The config "1B_qlora_single_device_custom.yaml" contains the paraneters to pretrain the model

In [None]:
## Don't uncomment, finetuning takes a few hours


# !tune validate configs/1B_qlora_single_device_custom.yaml

# !tune run lora_finetune_single_device --config configs/1B_qlora_single_device_custom.yaml


## The new model will be saved in Llama-3.2-1B-Instruct-tuned folder. By doing unsupervised finetuning, the model has lost the capability to interact with humans and is now a sentence completion model. We will do some intruction finetuning where we give the model a question or a instruction and train it to match the answer that is desired.

### For this task, we used the same wirelss standards booklet and used CHATGPT to generate some question-answer pairs to the instruction finetuning of our new model.

### The question-answer pairs are stored in the file: alpaca_questions.json

We use the llama_instruction_tune config to define the parameters of this supervised finetuning.

The new finetuned model will be saved in Llama-3.2-1B-Instruct-alpaca

In [None]:
## Don't uncomment, finetuning takes a few hours

# !tune validate configs/1B_qlora_single_device_custom.yaml

# !tune run lora_finetune_single_device --config configs/llama_instruction_tune.yaml


## Evaluation

### Let's evaluate the original model on 40 MCQ questions

In [None]:
import json
import subprocess
import re
import shlex

# Load the MCQ questionnaire from the JSON file
def load_questions(filename):
    with open(filename, 'r') as file:
        return json.load(file)

# Function to extract the answer from the LLM's response
def extract_answer(llm_response):
    # Using a regex to find the final answer after 'Answer' with optional colon
    match = re.search(r"(?i)\banswer\s*:?\s*(is\s*)?([A-D])\b", llm_response)
    if match:
        return match.group(2)
    return None

# Function to clean the options by removing None or empty values
def clean_options(options):
    # Filter out None or empty strings
    return [option for option in options if option not in (None, "")]

# Function to call torchtune and get the LLM's response
def generate_llm_response(question, options, config_name):
    # Universal prompt to be used before every question
    prompt = ("Answer the following multiple choice question.
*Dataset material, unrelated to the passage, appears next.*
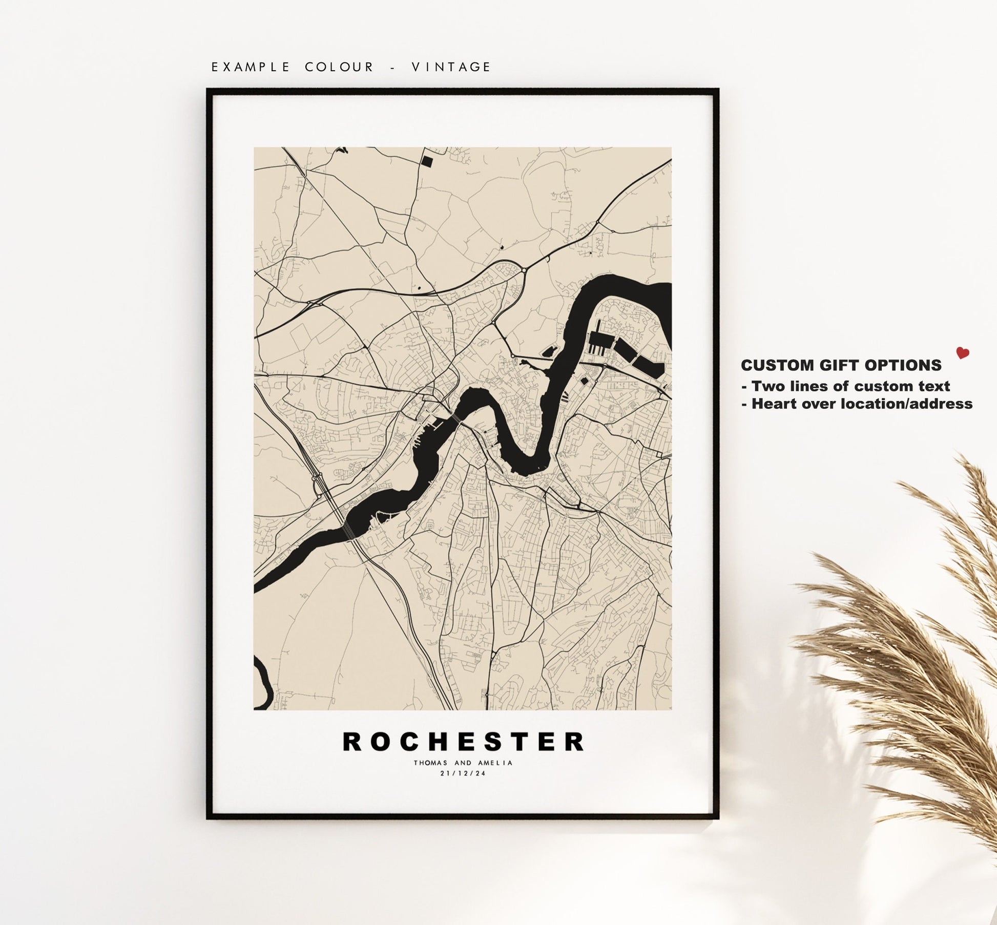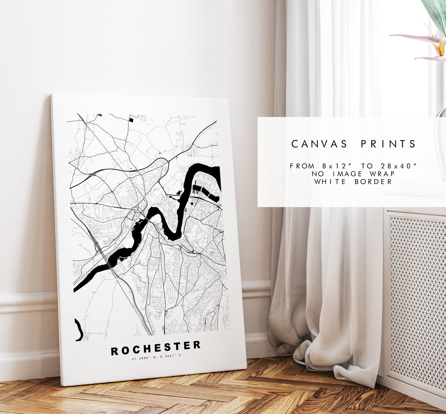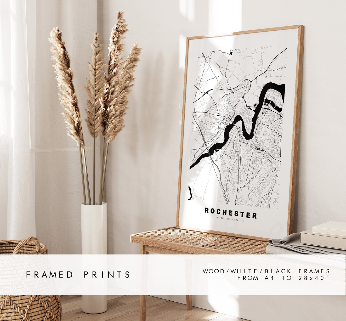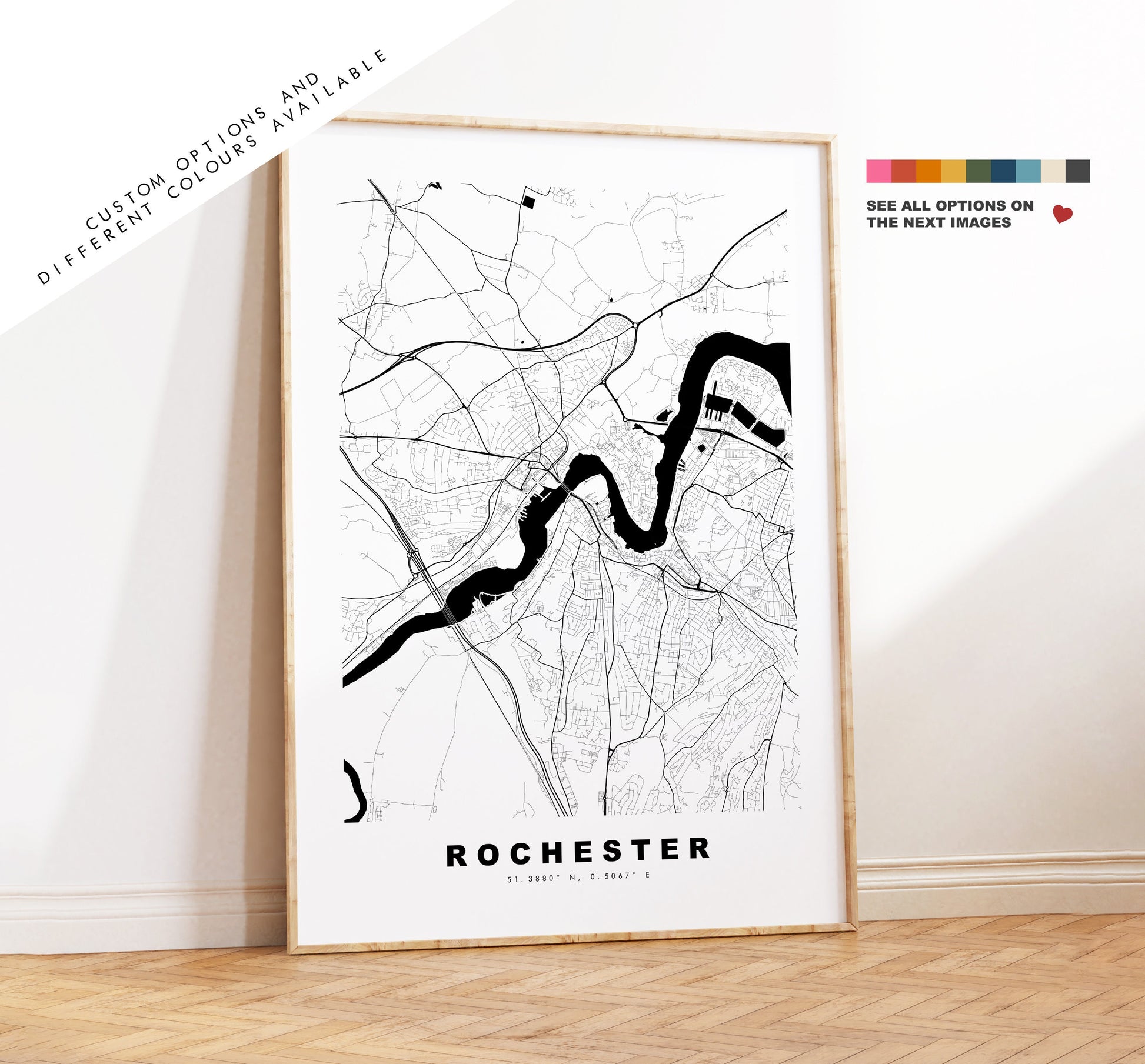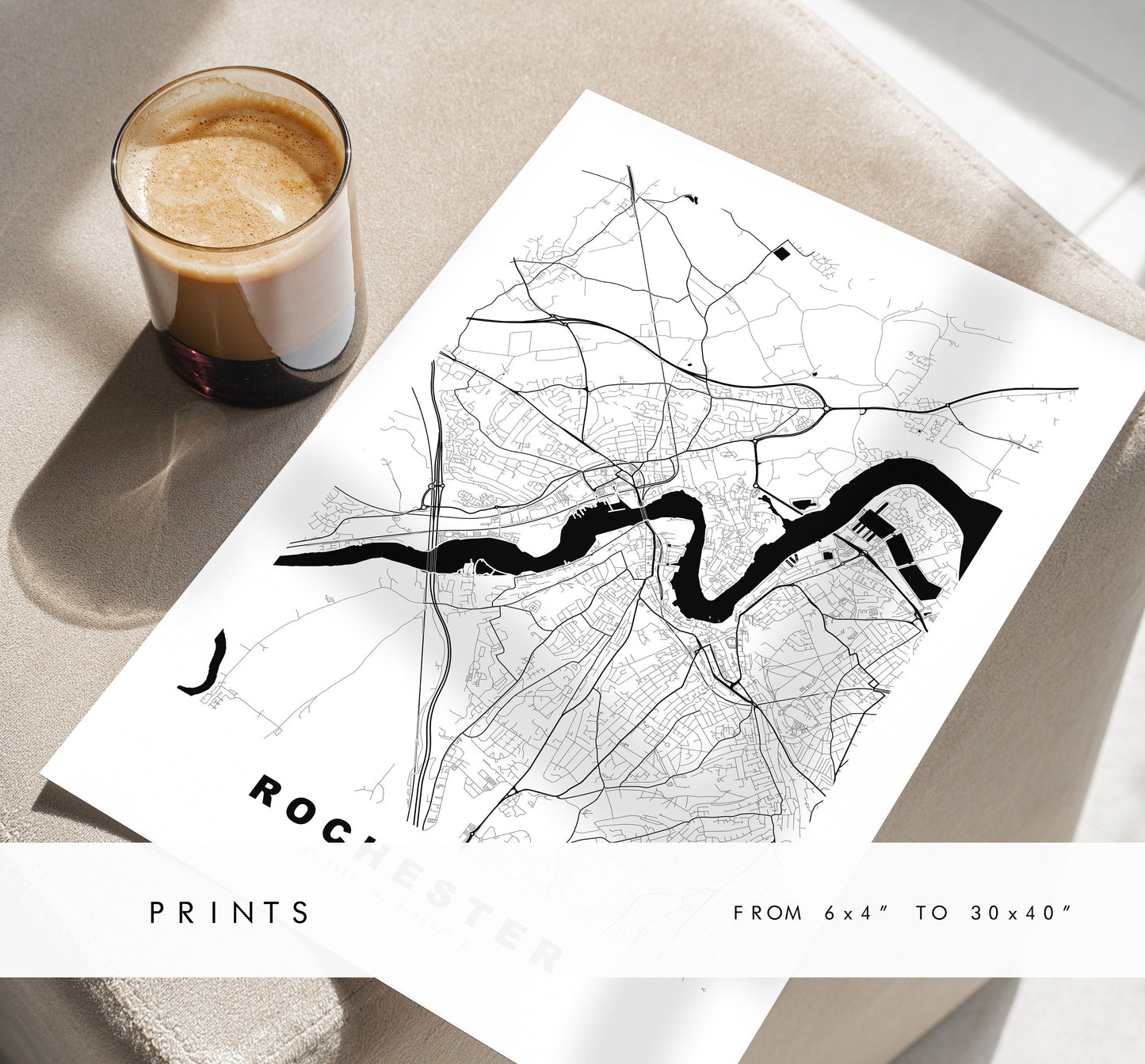 Rochester Map Print - Minimalist City Map Poster - Map Art - UK - Rochester Print - Rochester Poster - Different Colours Available

First provide a short reasoning. "
              "After this conclude with Answer in a single string whose values can be one of the 4 alphabets A, B, C, or D. "
              "For example, Answer option number in alphabet. Do not forget to give the final answer in the end from either A, B, C or D.")

    # Adding the question and options to the prompt
    prompt += f"\n\nQuestion: {question}\n"
    prompt += "Options:\n"
    for i, option in enumerate(options):
        prompt += f"{option}\n"

    # Safely escape the prompt to prevent YAML parsing issues
    safe_prompt = shlex.quote(prompt)

    # Command to run the LLM generation using torchtune
    command = [
        "tune", "run", "generate",
        "--config", config_name,
        f"prompt[user]={safe_prompt}"  # Pass the prompt as a safe quoted string
    ]

    # Run the subprocess and capture the error messages (stderr)
    try:
        print(f"Running torchtune command: {' '.join(command)}")
        result = subprocess.run(command, capture_output=True, text=True, check=True)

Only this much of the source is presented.